Нет же, я однолюб, но нет в этом мире ничего, в чем можно быть настолько уверенным, чтобы давать клятву. Я клялся любить ее столько, сколько смогу. И она ни разу не обвинила меня во лжи. Это было намного лучше, чем если бы она расплылась бы внутри от моего громкого обещания, а уже вскоре корила бы за то, что я его нарушил.
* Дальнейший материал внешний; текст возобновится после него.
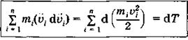 Первый член равенства (*) равен элементарному приращению кинетической энергии dT системы.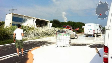 报道称,当时这辆货车正从海尔布隆(Heilbronn)驶往曼海姆(Mannheim),在A6公路上与另一车辆相撞。事故发生时,车上装载的3000升白色颜料洒满了路面,不仅如此,数辆路经此地的车也遭受了牵连。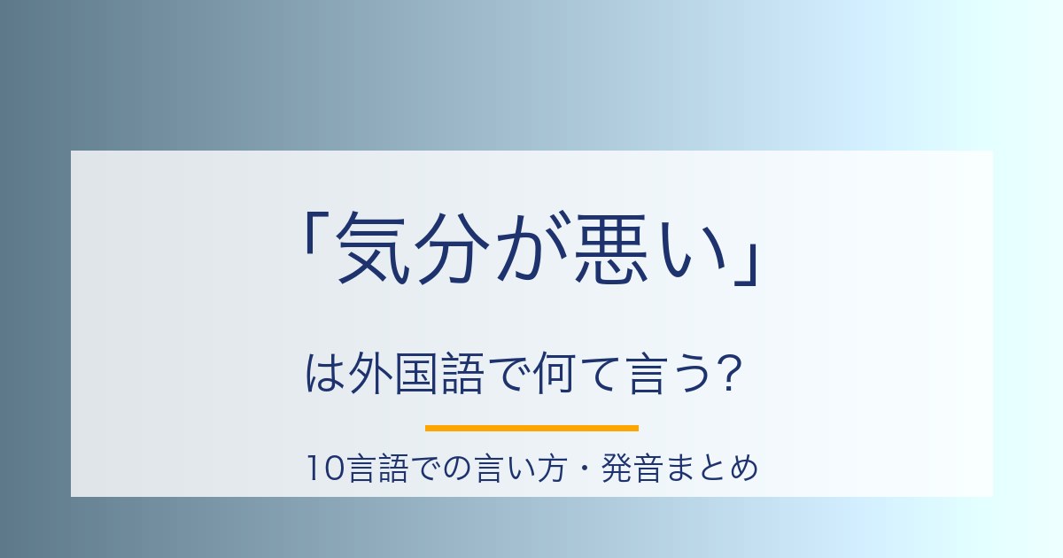 旅行中に体調を崩してしまったとき、自分の状態を現地の言葉で伝えられれば、適切な対応やサポートを受けやすくなります。「気分が悪いです」というフレーズは、吐き気、めまい、発熱、体のだるさなど、さまざまな体調不良をひとまず相手に伝えられる便利な表現です。この記事では、10言語での「気分が悪いです」の言い方を発音つきでまとめました。緊急時だけでなく、ホテルのスタッフや現地の友人に助けを求めるときにも役立ちます。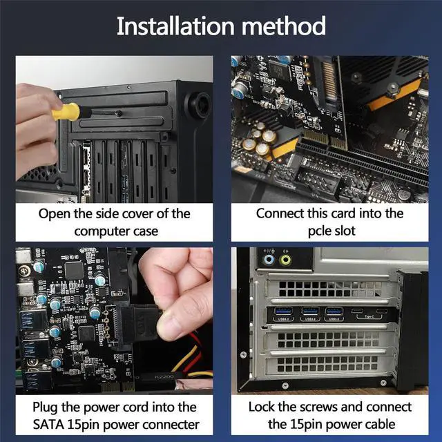 You can connect the SATA interface of the PCI-E card and the power of your computer host through the SATA power cable to charge your device.

Она была лучшей. Я никогда не искал ее. Все другие для меня были просто другими. Почему человек не планирует свою смерть в большинстве случаев? Спросите у любого человека «Когда вы умрете?» и вас, вероятно, примут за психа, но почему же в любви все по другому? Люди не говорят «любовь придет, когда надо» а ищут, выпытывают ее, и в итоге оказываются обожженными этим опытом, быть может, все было бы по другому, если бы они ждали? Быть может… Она была другой. А я зная принципы судьбы, так боялся вновь отступиться. Я понимал, что жизнь не настолько справедлива, чтобы человек долго не испытывавший счастья, наслаждался им все остальные годы. Нет, все было бы слишком просто. Так не бывает. Много людей, ни разу не испытавших полноценного, окрыляющего счастья. Каждый из них настолько привык к разочарованиям, что даже впервые встретив своего человека, им долго не удается поверить в то, что это наконец случилось. И тяжелее всего испытать это разочарование только потом, когда столько слов и дней, лет безбожно проведены с другими. Ведь удивительная штука жизнь… вы можете оба любить горький шоколад, слушать одни и те же песни, иметь привычку грустить под шум дождя, оба родились весной, до сих пор на редкость в современном мире любите читать, оба стараетесь вставать в шесть утра, едите борщ маленькой ложкой, бананы кушаете отламывая, вы оба мечтатели-реалисты, обожаете Шопена и кофе с пенкой, и все равно нет в мире более чуждых друг другу людей, чем вы.
Поэтому единственное, в чем я нашел и радость, и покой была моя семья, маленькая семья из моей супруги и сына. Залогом этой счастливой семьи, в которой долго не звучал детский лепет, была именно Она. Мне удалось пронести чувство к ней на протяжении всей жизни, и я горд этим. Жизнь не настолько долга, чтобы мы не могли сохранить верность одному человеку. Я никогда не боялся разлюбить ее, мне это не грозило. Единственное чувство, которое для меня всегда было худшим- это безразличие. Отношения, в которых поселилась ненависть, можно восстановить, но если между людьми появилось безразличие, все уже потеряно. Безразличие в миллионы раз хуже ненависти. После него мосты не соединяются вновь.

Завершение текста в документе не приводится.